**COLLECTED MATERIAL**.

--------------------------------------------------

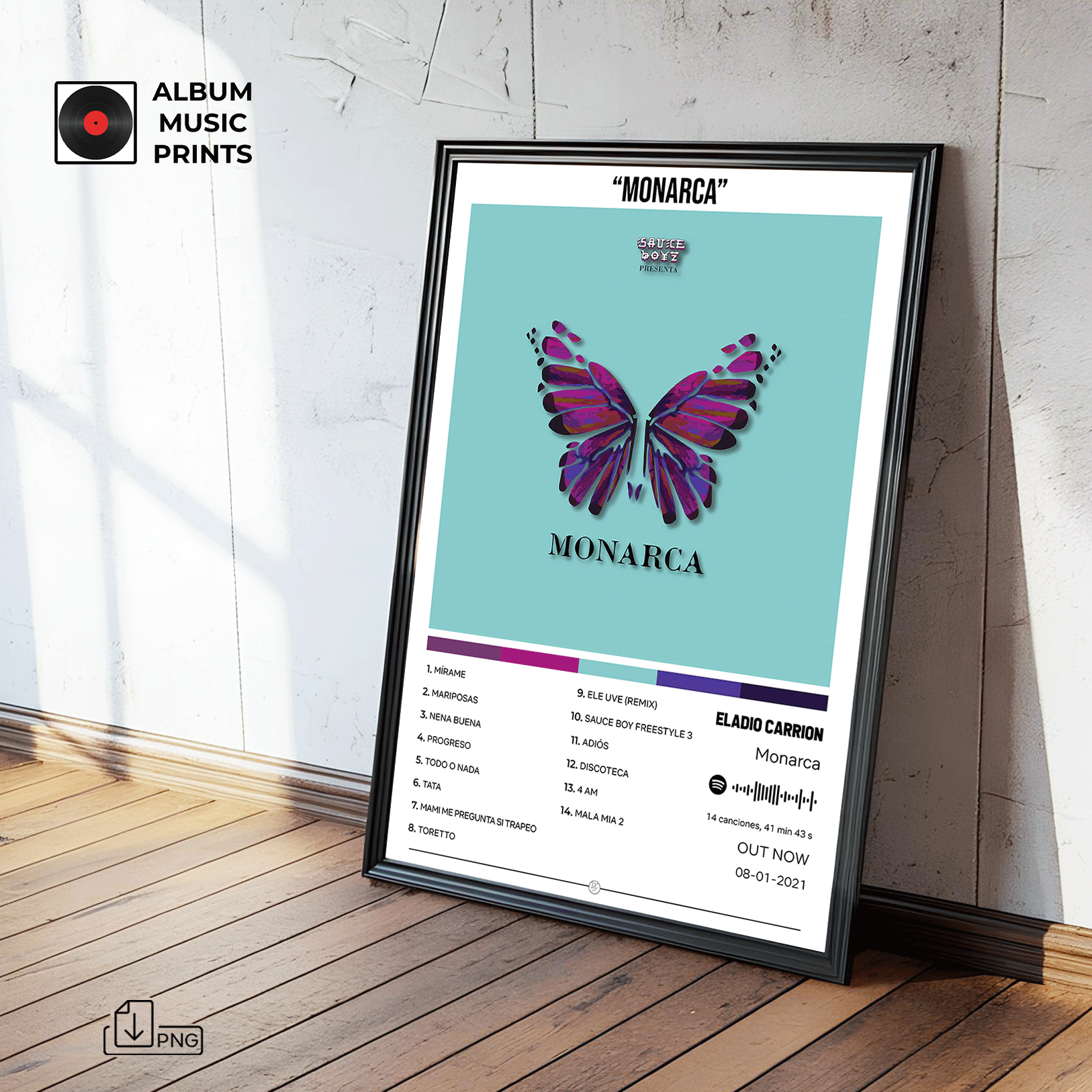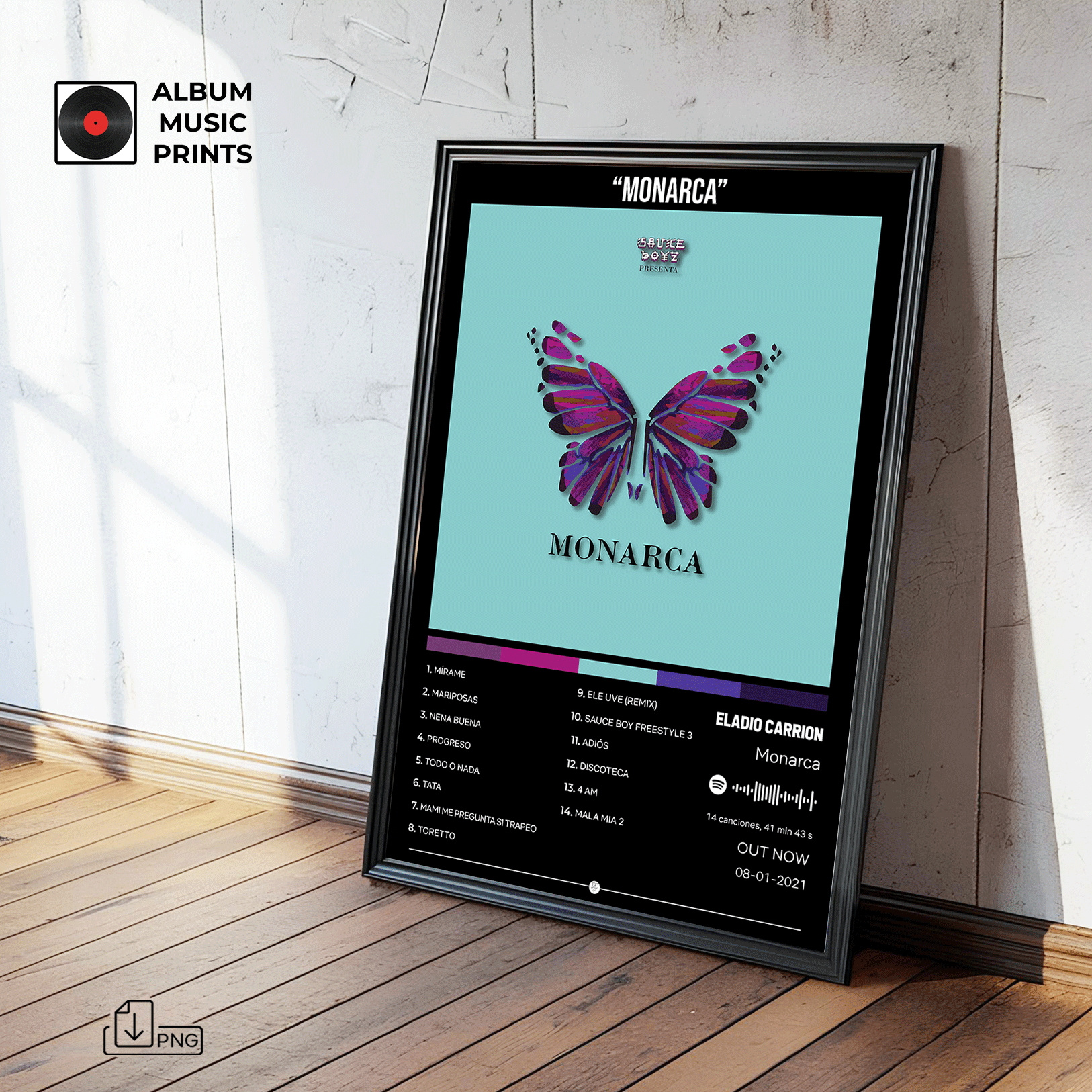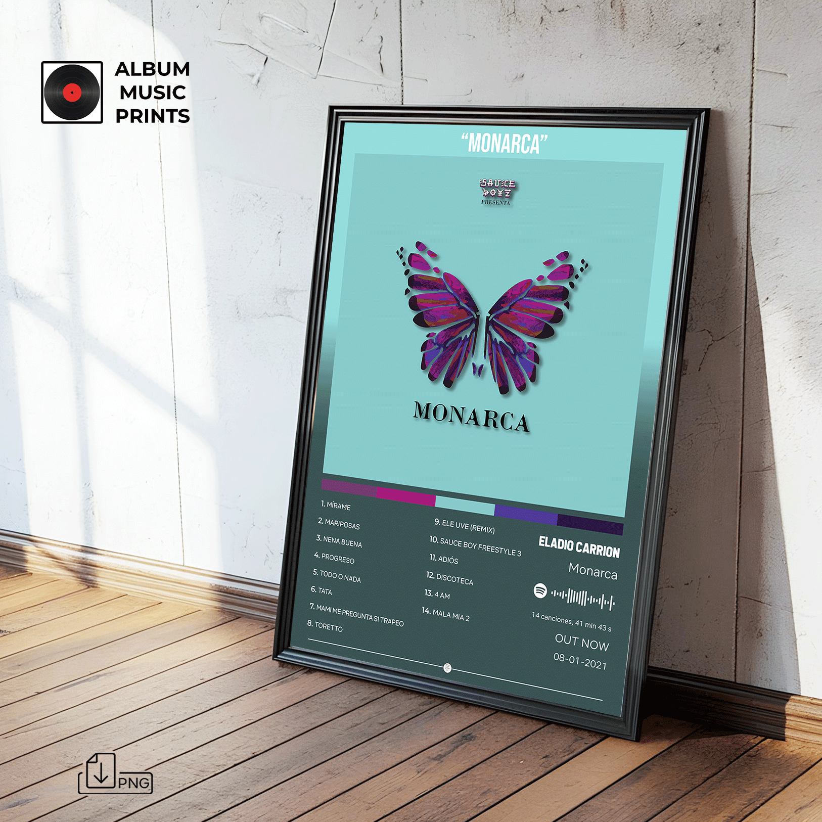 Descarga instantánea de arte digital de alta calidad del aclamado álbum MONARCA de Eladio Carrión. Perfecto para fans, coleccionistas y decoradores que buscan capturar la esencia del trap latino y el estilo único del artista que se coronó como uno de los máximos exponentes de la música urbana.
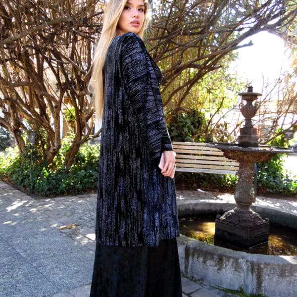 Hermoso Kimono de terciopelo negro, con brillos plata, se ve hermoso en movimiento. Exclusivo NOM
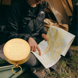 【Christmas Stocking Stuffers for Son】 This camping compass for son engraved with words: To My Son Never forget how much I love you. As you grow older, you will face many challenges in life, just do your best. I might not be with you, but know that I believe in you. You are and always will be, one of the best things. It can be stocking stuffers for son, christmas gift for son, son christmas gift, stocking stuffers for teen boys. You can send it to your son, stepson.
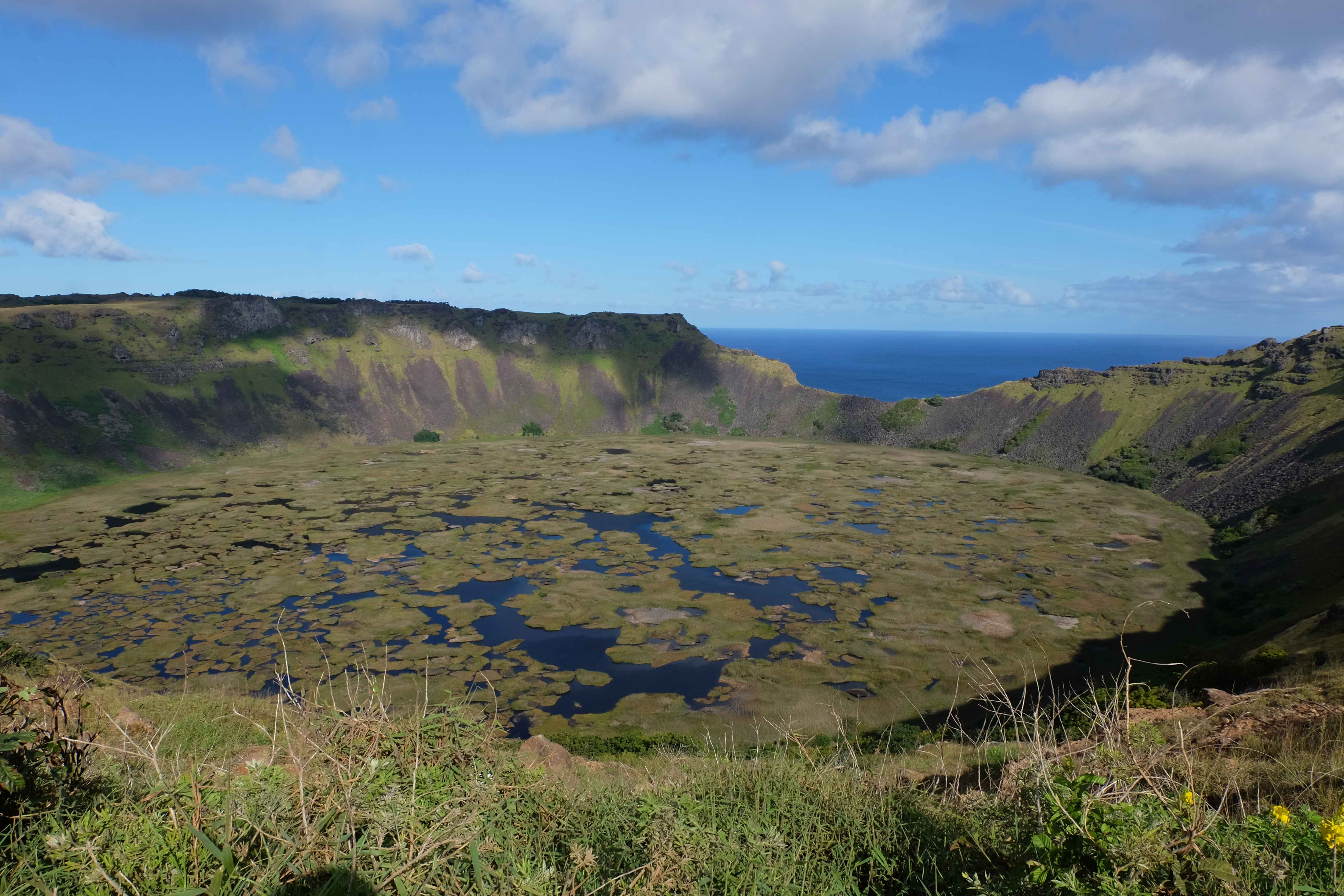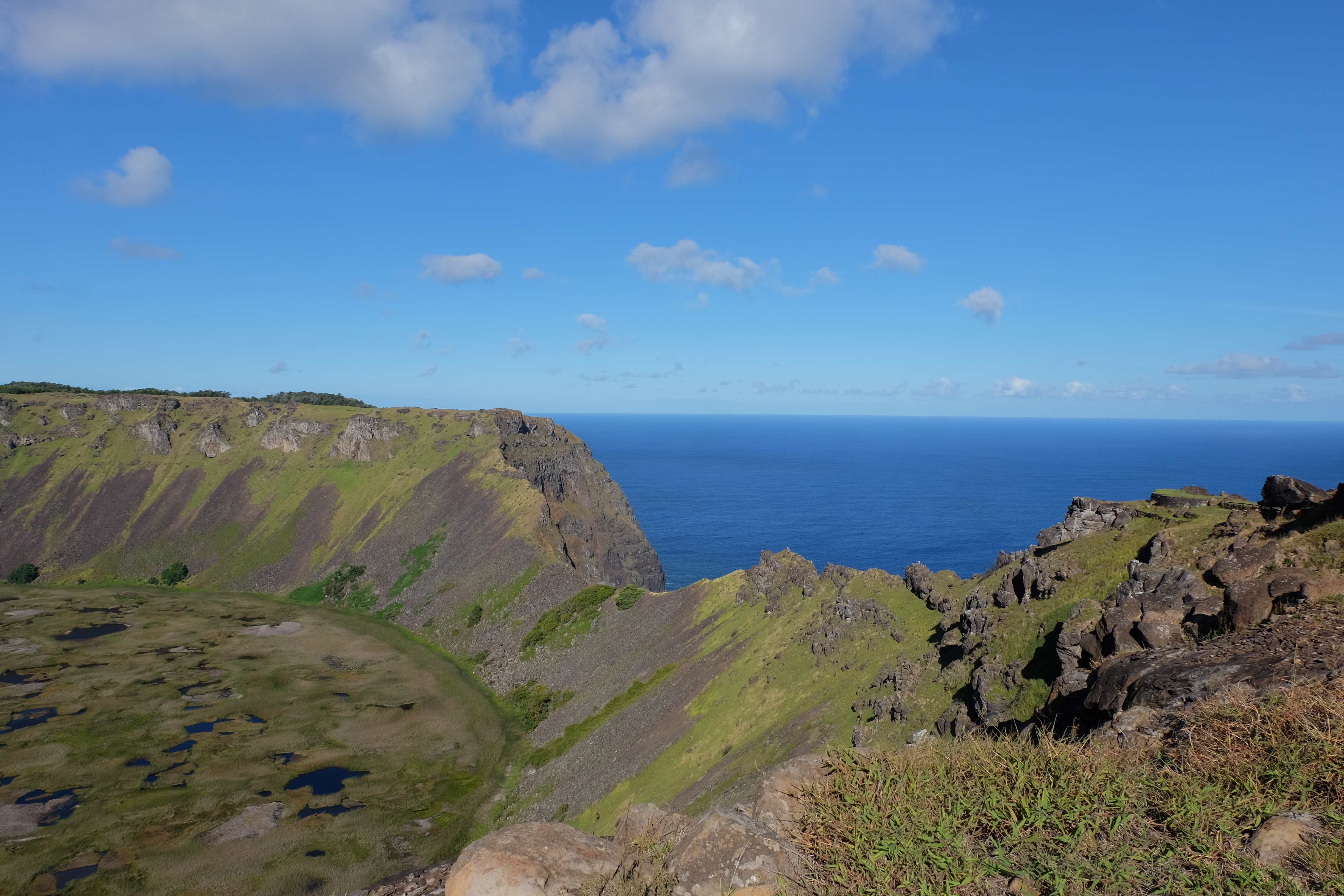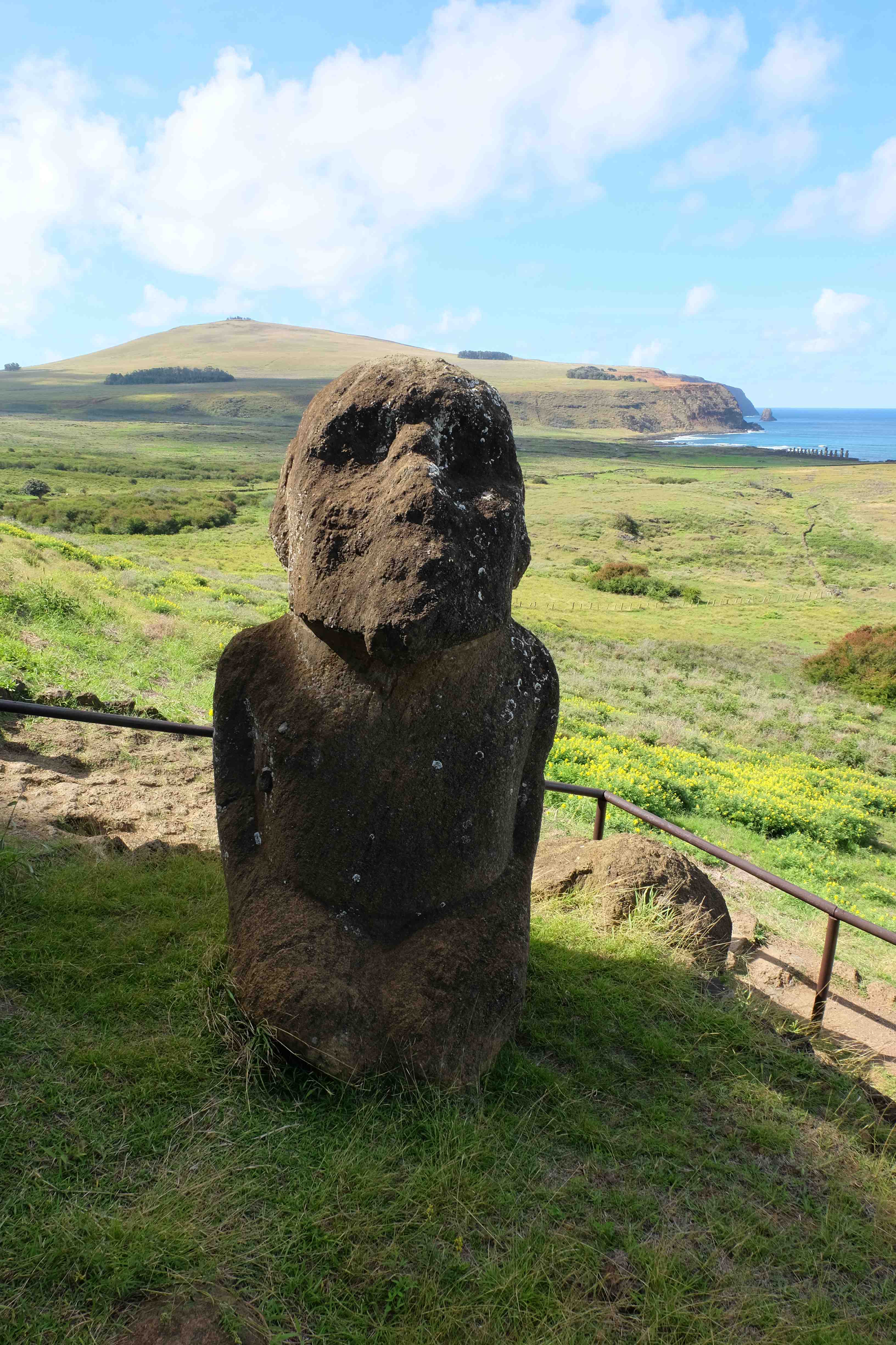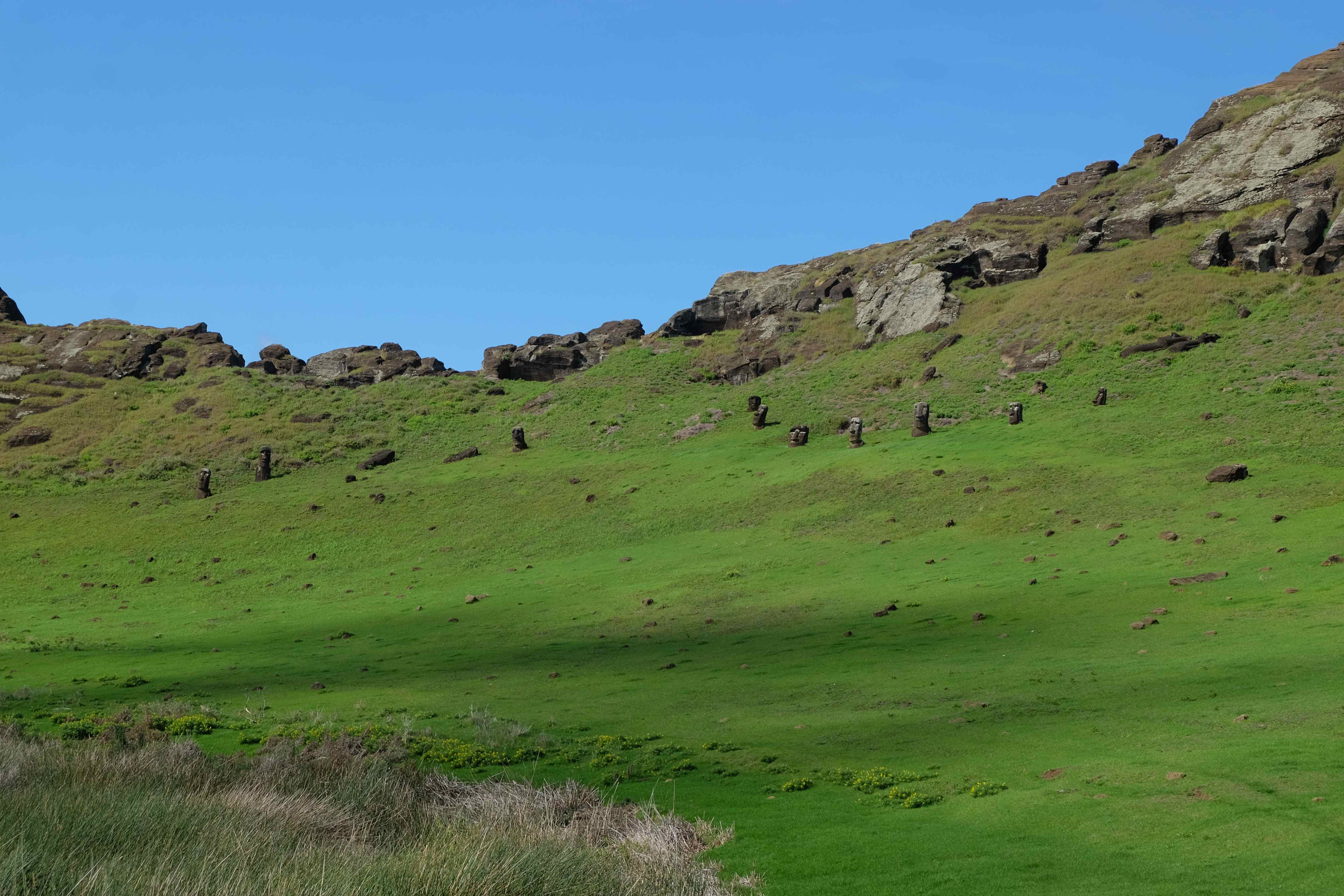 Insula Pastelui… de ce se numeste asa? Oare pentru ca acolo se sarbatoreste Pastele pe parcusul intregului an? Locuieste cumva iepurasul aici? Sau poate se hranesc toti iepurii de aici cu atata iarba, pana cand cred ca sunt iepurasul? Totul este gratis de Paste? Sau poate ca cepele enorme care se gasesc aici pe insula (vezi poze) sunt semanate sau recoltate de Paste? 🙂 Nu, nici vorba, se pare ca numele se datoreaza doar faptului ca a fost descoperita de Paste. Denumirea bastinasa autohtona este insa Rapa Nui si nu are nimic de-a face cu sarbatoarea cristina.

--------------------------------------------------

**PROBLEM DETAILS**.
Restate the data word for word from its first line through the line with "Hermoso Kimono de", leaving out any picture along the way.

**RESULT OF THE EXERCISE**.
 Descarga instantánea de arte digital de alta calidad del aclamado álbum MONARCA de Eladio Carrión. Perfecto para fans, coleccionistas y decoradores que buscan capturar la esencia del trap latino y el estilo único del artista que se coronó como uno de los máximos exponentes de la música urbana.
 Hermoso Kimono de terciopelo negro, con brillos plata, se ve hermoso en movimiento. Exclusivo NOM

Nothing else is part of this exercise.